_WORK REQUIRED_
Repeat, exactly as written, all of the entries, but not their pictures.

_RECORDS TO PROCESS_
--------

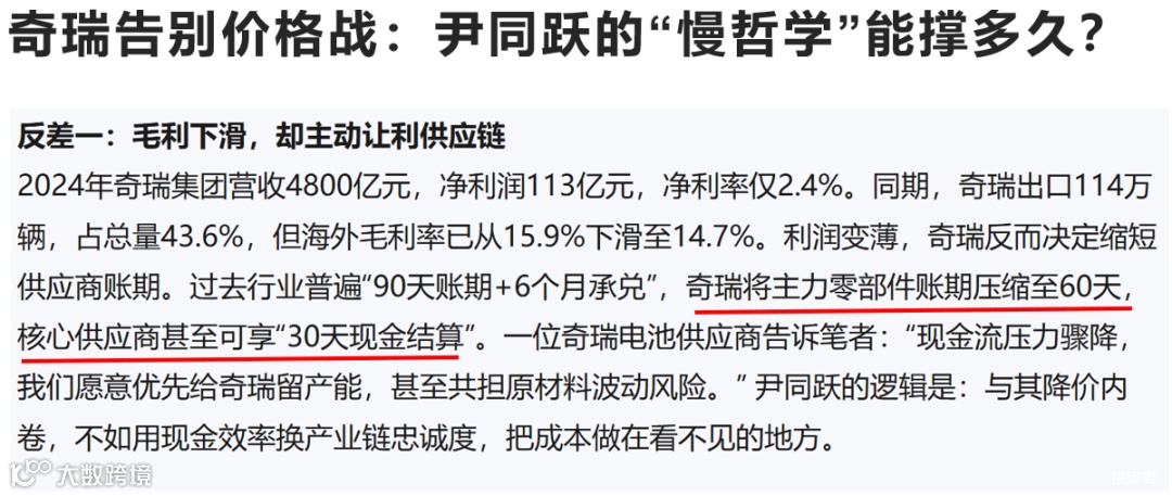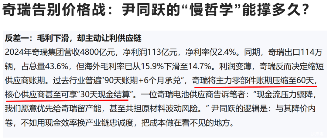 根据懂车帝7月20日的报道,奇瑞已经将主力供应商账期压缩至60天,核心供应商可享“30天结算”
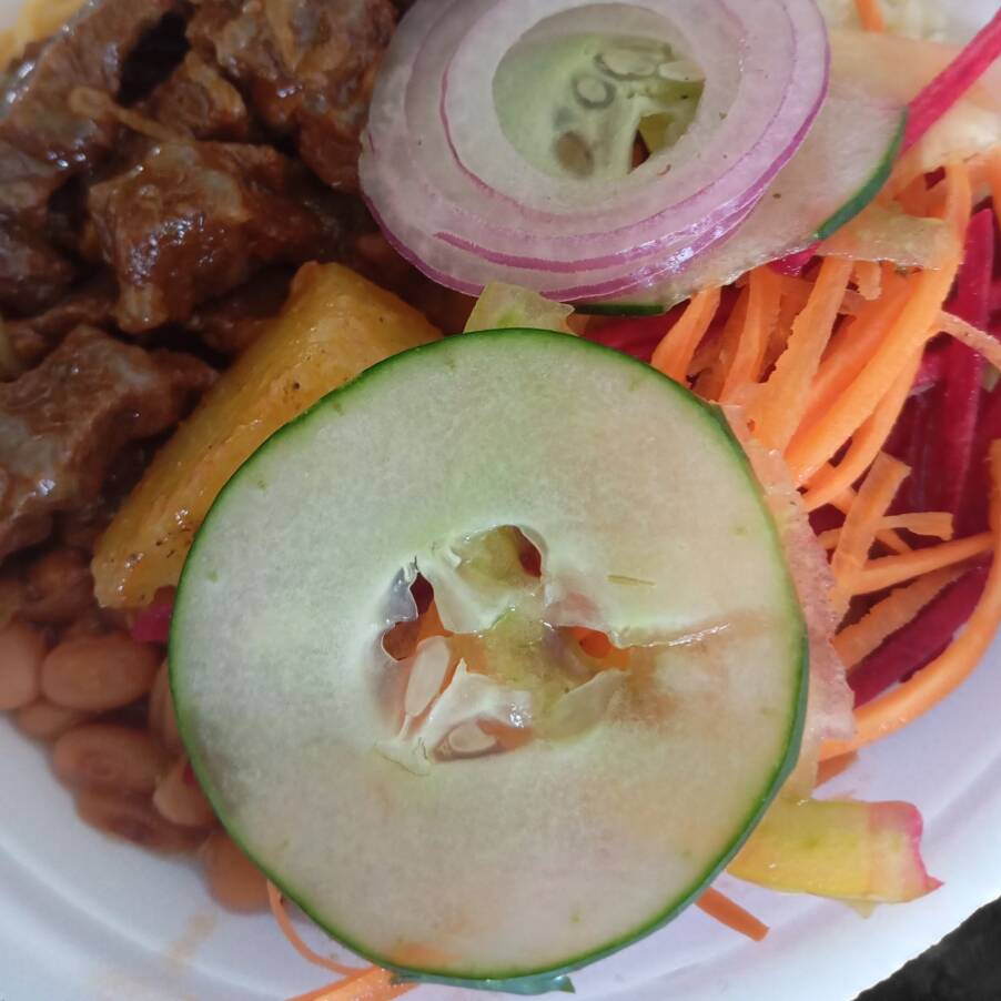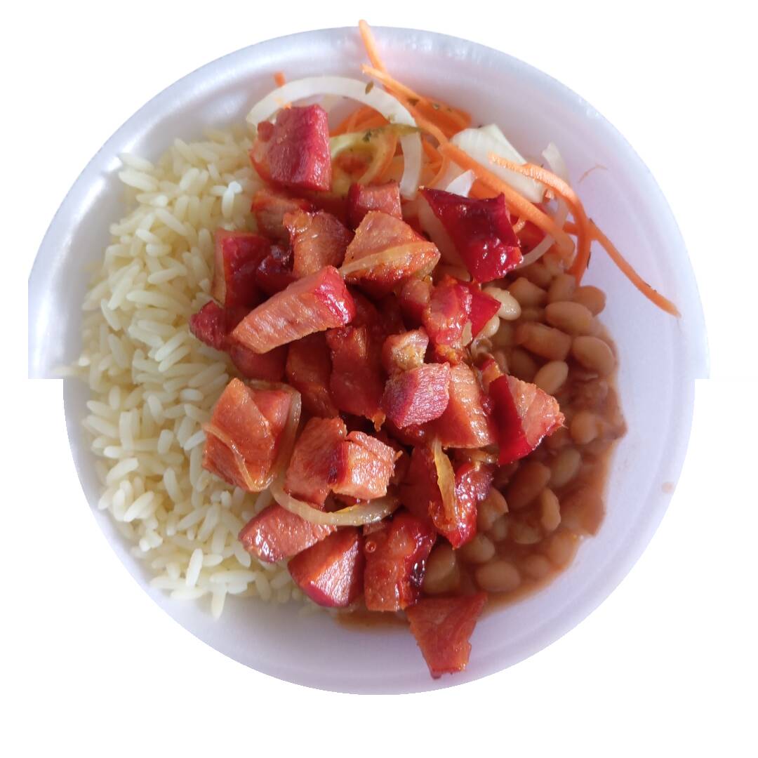 Carne de fumeiro acebolada, feijão tropeiro, arroz e salada
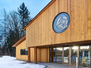 The design respects the site, maximizes the trees and provides a welcoming building for the community.
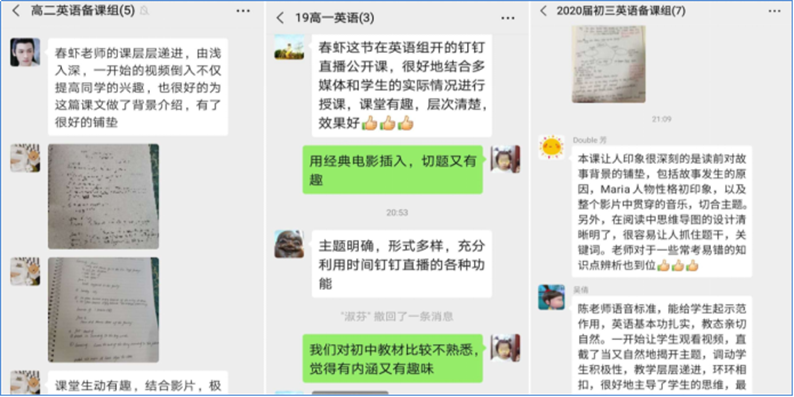 各组教师以“三问”自省,以“四不”互勉,结合各学科特点,针对课堂组织、师生互动、作业反馈、班级管理等方面,把自己的收获与思考进行分享,进行线上研磨,努力探索“停课不停教”高效线上教学模式。
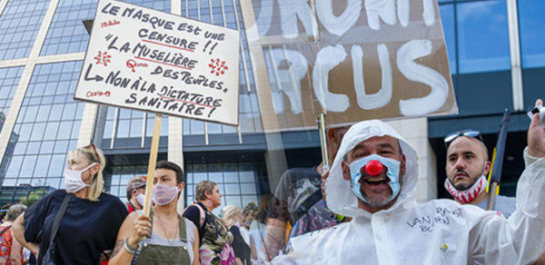 ناظورسيتي -متابعة نزل عشرات البلجيكيين إلى شوارع العاصمة بروكسيل وانخرطوا في احتجاجات تنديدا بالقيود التي فرضتها الحكومة في إطار إجراءاتها لمكافحة تفشي فيروس كورونا. واحتشد ما يناهز 400 شخص قبالة مقرّ وزارة المالية إثر دعوة وجّهتها مجموعة تسمّى "جنون الفيروس" في منصّات التواصل الاجتماعي. وردّد المحتجون شعارات من قبيل "الحرية" و"لا تلمس حقوقي"، تنديدا بقرار الحكومة إلزامية الجميع بوضع الكمامات في كل بروكسيل. ورفعوا لافتات تحمل رسائلَ مثل "لا للكمامة" و"لا نريد اللقاح" و"الحرية تبدأ عند انتهاء
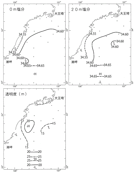 塩分は、表面は34.52~34.67、20mでは34.52~34.66、200mでは34.31~34.66の範囲にあり、表面、20m及び200mで概ね平年並であった。
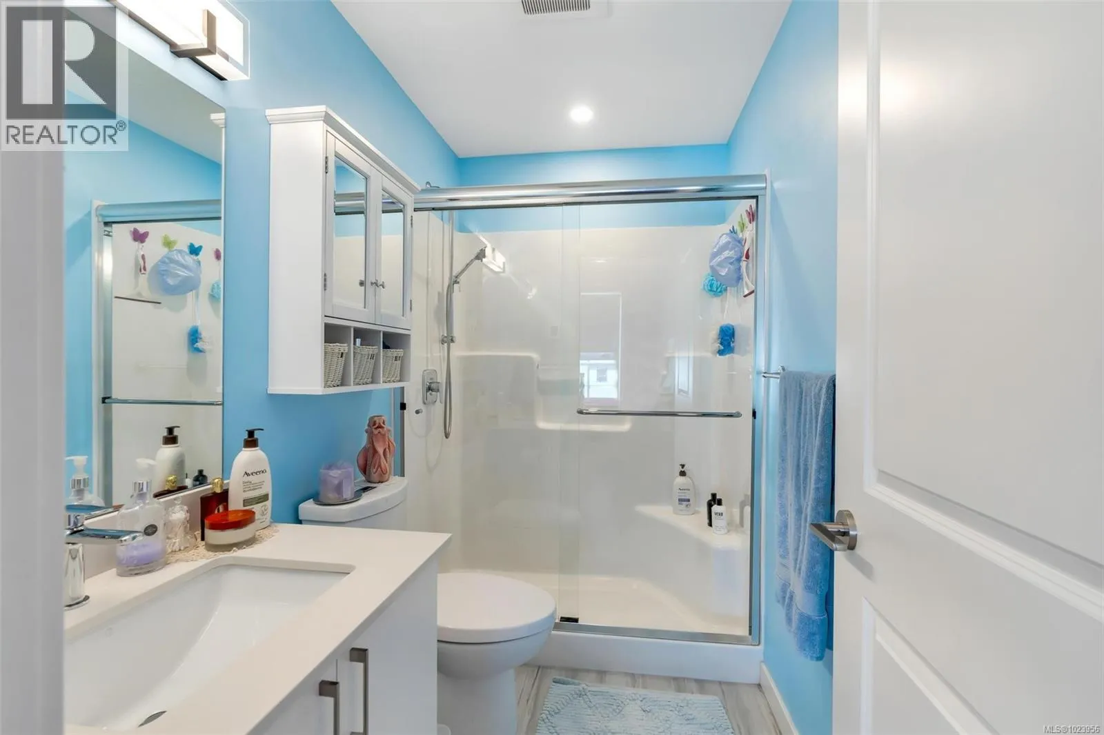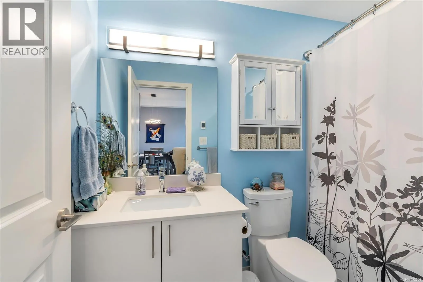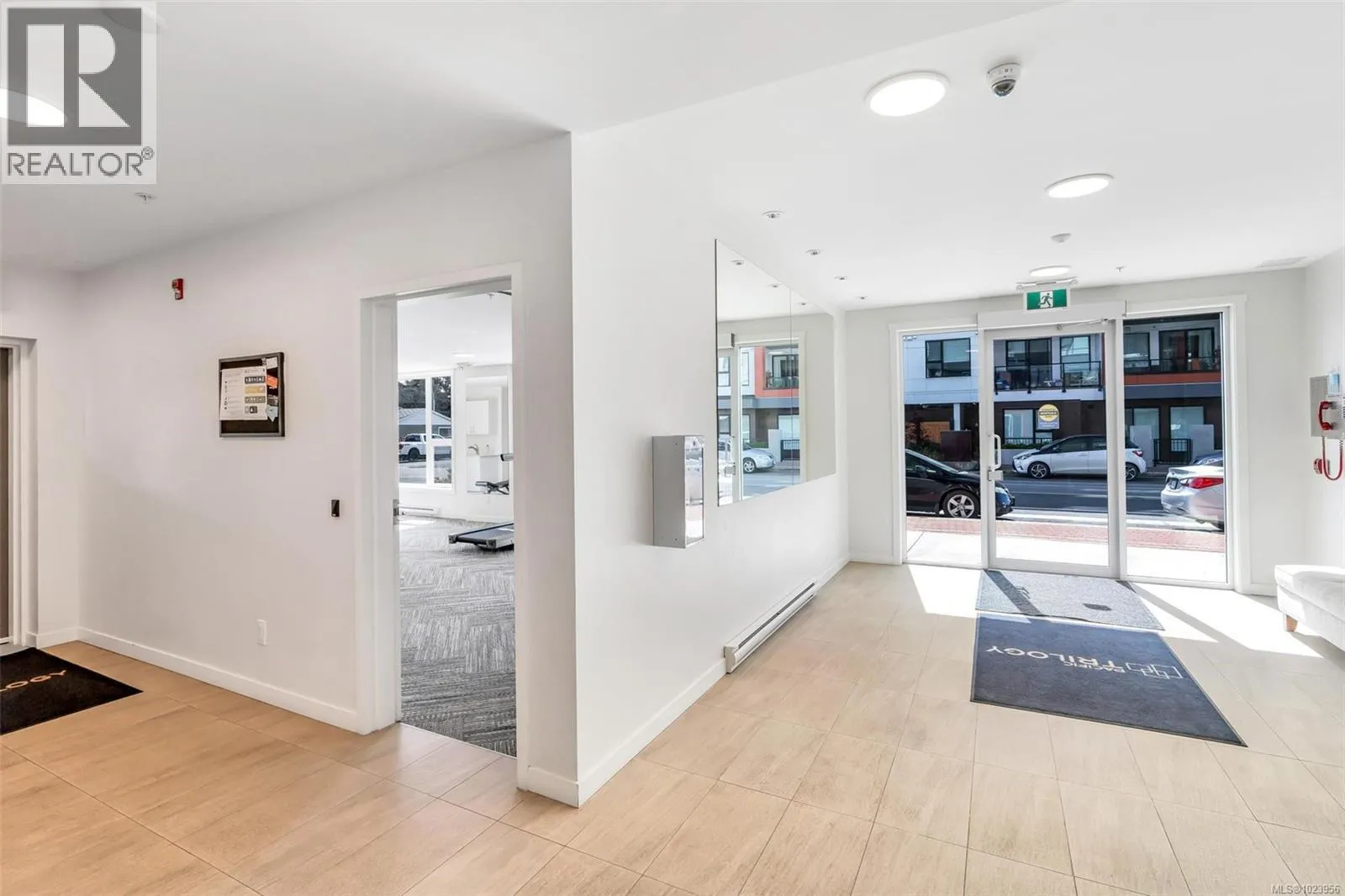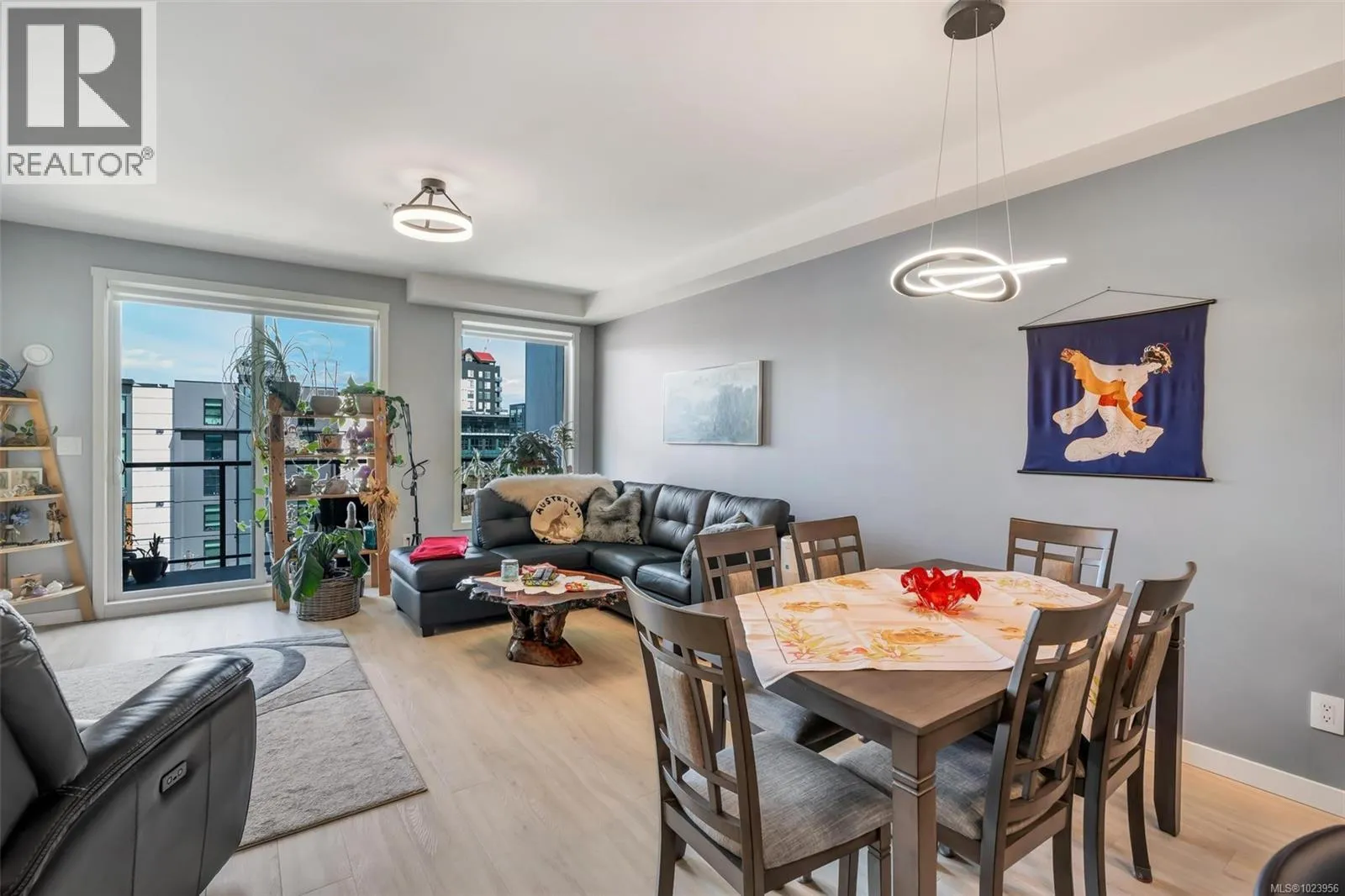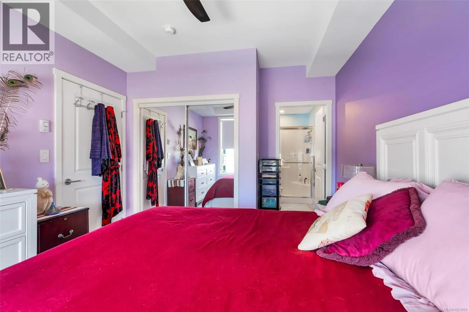 Bright and beautiful 2 bed, 2 bath condo in Pacific Trilogy Twoâa modern 6-storey building in the heart of downtown Langford. This like new home features a functional open-concept layout with 9-ft ceilings, a chefâs kitchen with quartz countertops and stainless appliances, and spacious living/dining areas with an electric fireplace and access to a sunny balconyâperfect for your morning coffee. The primary bedroom includes a 3-piece ensuite with built-in closet organizers. Comfort is ensured year-round with an efficient heat pump offering heating and air conditioning. Additional owner upgrades include heated tile floors in both bathrooms, custom Murphy bed, fresh paint, updated tile work, Lutron smart switches, and new LED lighting. Secure parking included with E/V rough in. This award-winning, pet-friendly building also offers a fitness centre, bike storage, and a 91 Walk Score -just minutes to shopping, restaurants, parks, and recreation. Vacant and available for immediate possession. (id:27476)
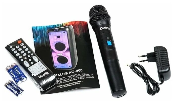 | Дополнительная информация | комплект поставки: акустическая система - 1 шт, адаптер питания ~220В -> 9В 2А - 1 шт, беспроводной микрофон - 1 шт, ИК пульт ДУ - 1 шт, батарейки ААА для пульта ДУ - 2 шт, батарейки АА для беспроводного микрофона - 2 шт, руководство пользователя с гарантийным талоном - 1 шт, упаковка - 1 шт |
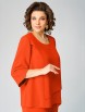 Туника прямого силуэта. Перед состоит из нижней детали и с боковым подрезом и шлицей с левой стороны, нагрудные вытачки идут от плечевого среза. Верхняя деталь переда ассиметричной формы. Спинка со средним швом и застежкой на потайную тесьму-молнию. Округлый вырез горловины. Рукав втачной одношовный.
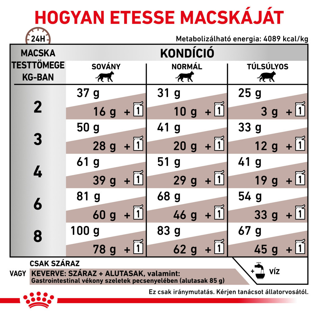 Acest produs face parte din gama veterinară Royal Canin Veterinary Health Nutrition și trebuie administrat doar la recomandarea medicului veterinar. Astfel, animalul dumneavoastră beneficiază de nutriția adecvată stării sale de sănătate. Orice schimbare a dietei trebuie realizată treptat, pe parcursul a 7–10 zile, pentru a evita disconfortul digestiv.

--------

_WRITTEN ANSWER_
 根据懂车帝7月20日的报道,奇瑞已经将主力供应商账期压缩至60天,核心供应商可享“30天结算”
 Carne de fumeiro acebolada, feijão tropeiro, arroz e salada
 The design respects the site, maximizes the trees and provides a welcoming building for the community.
 各组教师以“三问”自省,以“四不”互勉,结合各学科特点,针对课堂组织、师生互动、作业反馈、班级管理等方面,把自己的收获与思考进行分享,进行线上研磨,努力探索“停课不停教”高效线上教学模式。
 ناظورسيتي -متابعة نزل عشرات البلجيكيين إلى شوارع العاصمة بروكسيل وانخرطوا في احتجاجات تنديدا بالقيود التي فرضتها الحكومة في إطار إجراءاتها لمكافحة تفشي فيروس كورونا. واحتشد ما يناهز 400 شخص قبالة مقرّ وزارة المالية إثر دعوة وجّهتها مجموعة تسمّى "جنون الفيروس" في منصّات التواصل الاجتماعي. وردّد المحتجون شعارات من قبيل "الحرية" و"لا تلمس حقوقي"، تنديدا بقرار الحكومة إلزامية الجميع بوضع الكمامات في كل بروكسيل. ورفعوا لافتات تحمل رسائلَ مثل "لا للكمامة" و"لا نريد اللقاح" و"الحرية تبدأ عند انتهاء
 塩分は、表面は34.52~34.67、20mでは34.52~34.66、200mでは34.31~34.66の範囲にあり、表面、20m及び200mで概ね平年並であった。
 Bright and beautiful 2 bed, 2 bath condo in Pacific Trilogy Twoâa modern 6-storey building in the heart of downtown Langford. This like new home features a functional open-concept layout with 9-ft ceilings, a chefâs kitchen with quartz countertops and stainless appliances, and spacious living/dining areas with an electric fireplace and access to a sunny balconyâperfect for your morning coffee. The primary bedroom includes a 3-piece ensuite with built-in closet organizers. Comfort is ensured year-round with an efficient heat pump offering heating and air conditioning. Additional owner upgrades include heated tile floors in both bathrooms, custom Murphy bed, fresh paint, updated tile work, Lutron smart switches, and new LED lighting. Secure parking included with E/V rough in. This award-winning, pet-friendly building also offers a fitness centre, bike storage, and a 91 Walk Score -just minutes to shopping, restaurants, parks, and recreation. Vacant and available for immediate possession. (id:27476)
 | Дополнительная информация | комплект поставки: акустическая система - 1 шт, адаптер питания ~220В -> 9В 2А - 1 шт, беспроводной микрофон - 1 шт, ИК пульт ДУ - 1 шт, батарейки ААА для пульта ДУ - 2 шт, батарейки АА для беспроводного микрофона - 2 шт, руководство пользователя с гарантийным талоном - 1 шт, упаковка - 1 шт |
 Туника прямого силуэта. Перед состоит из нижней детали и с боковым подрезом и шлицей с левой стороны, нагрудные вытачки идут от плечевого среза. Верхняя деталь переда ассиметричной формы. Спинка со средним швом и застежкой на потайную тесьму-молнию. Округлый вырез горловины. Рукав втачной одношовный.
 Acest produs face parte din gama veterinară Royal Canin Veterinary Health Nutrition și trebuie administrat doar la recomandarea medicului veterinar. Astfel, animalul dumneavoastră beneficiază de nutriția adecvată stării sale de sănătate. Orice schimbare a dietei trebuie realizată treptat, pe parcursul a 7–10 zile, pentru a evita disconfortul digestiv.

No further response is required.